Entries supplied: Begin
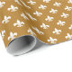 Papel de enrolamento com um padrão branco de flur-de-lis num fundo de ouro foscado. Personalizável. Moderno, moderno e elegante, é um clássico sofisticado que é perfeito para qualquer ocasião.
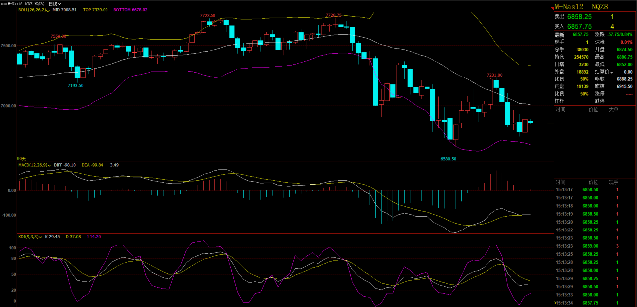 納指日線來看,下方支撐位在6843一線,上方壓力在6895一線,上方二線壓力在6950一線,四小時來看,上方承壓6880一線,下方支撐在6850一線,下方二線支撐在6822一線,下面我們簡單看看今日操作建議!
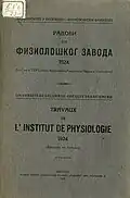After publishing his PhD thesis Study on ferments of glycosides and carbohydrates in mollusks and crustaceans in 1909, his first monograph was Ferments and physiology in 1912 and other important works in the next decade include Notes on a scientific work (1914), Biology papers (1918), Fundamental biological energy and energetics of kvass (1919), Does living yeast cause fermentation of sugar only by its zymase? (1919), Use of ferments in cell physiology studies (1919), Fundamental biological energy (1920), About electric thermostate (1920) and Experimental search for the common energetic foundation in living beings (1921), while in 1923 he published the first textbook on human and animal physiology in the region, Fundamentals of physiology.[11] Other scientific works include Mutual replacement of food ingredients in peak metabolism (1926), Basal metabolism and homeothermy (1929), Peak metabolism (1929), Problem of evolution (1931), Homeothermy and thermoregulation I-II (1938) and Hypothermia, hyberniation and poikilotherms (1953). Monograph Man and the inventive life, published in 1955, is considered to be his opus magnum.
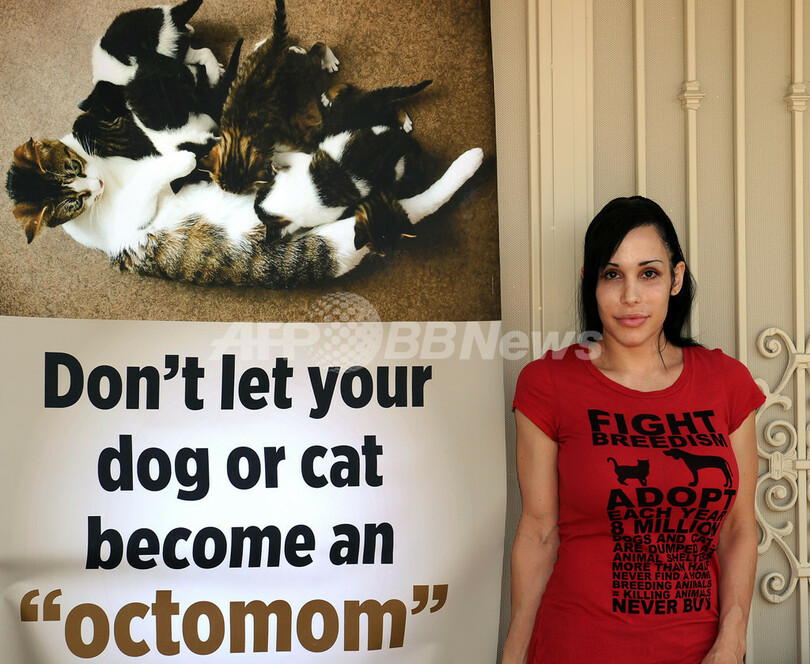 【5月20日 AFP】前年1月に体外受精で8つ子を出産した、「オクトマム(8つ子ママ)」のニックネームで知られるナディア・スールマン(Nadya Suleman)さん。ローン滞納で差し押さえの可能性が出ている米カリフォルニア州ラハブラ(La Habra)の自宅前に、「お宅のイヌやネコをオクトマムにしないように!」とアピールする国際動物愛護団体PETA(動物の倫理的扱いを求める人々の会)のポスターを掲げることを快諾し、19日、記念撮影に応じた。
Entries supplied: End
Entries supplied: Begin
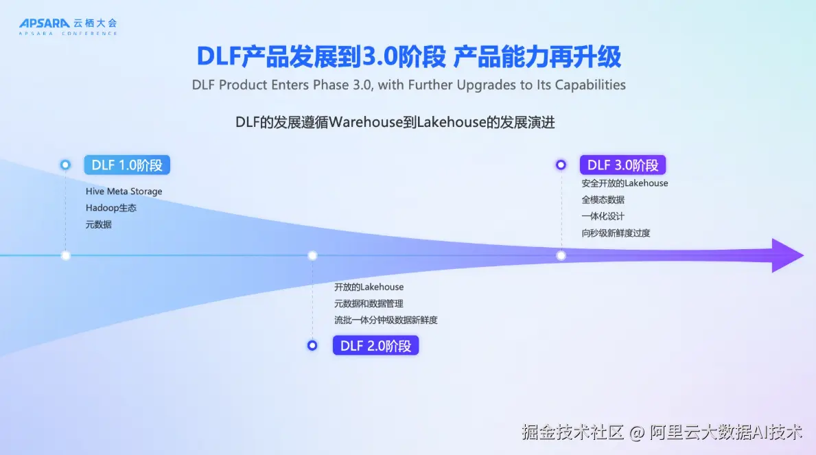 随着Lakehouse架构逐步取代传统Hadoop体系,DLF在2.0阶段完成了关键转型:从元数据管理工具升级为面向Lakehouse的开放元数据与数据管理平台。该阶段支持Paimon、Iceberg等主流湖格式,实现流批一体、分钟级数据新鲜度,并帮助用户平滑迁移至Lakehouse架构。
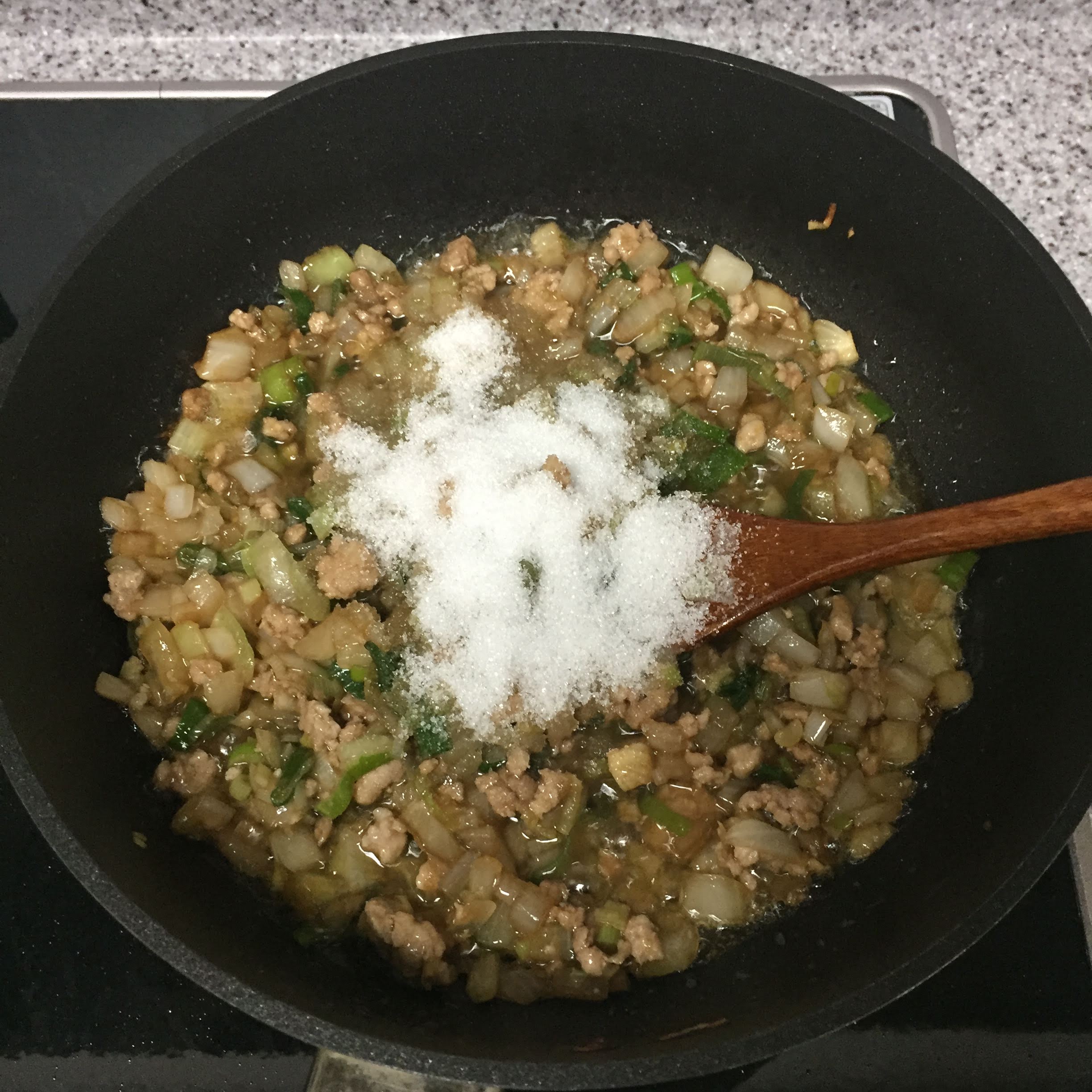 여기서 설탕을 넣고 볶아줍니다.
Entries supplied: End
__The problem__:
Those lines of the records above that run from the one containing "Papel de enrolamento" through the one containing "納指日線來看,下方支撐位在6" should be returned exactly, with no pictures among them.

__Exercise response__:
 Papel de enrolamento com um padrão branco de flur-de-lis num fundo de ouro foscado. Personalizável. Moderno, moderno e elegante, é um clássico sofisticado que é perfeito para qualquer ocasião.
 納指日線來看,下方支撐位在6843一線,上方壓力在6895一線,上方二線壓力在6950一線,四小時來看,上方承壓6880一線,下方支撐在6850一線,下方二線支撐在6822一線,下面我們簡單看看今日操作建議!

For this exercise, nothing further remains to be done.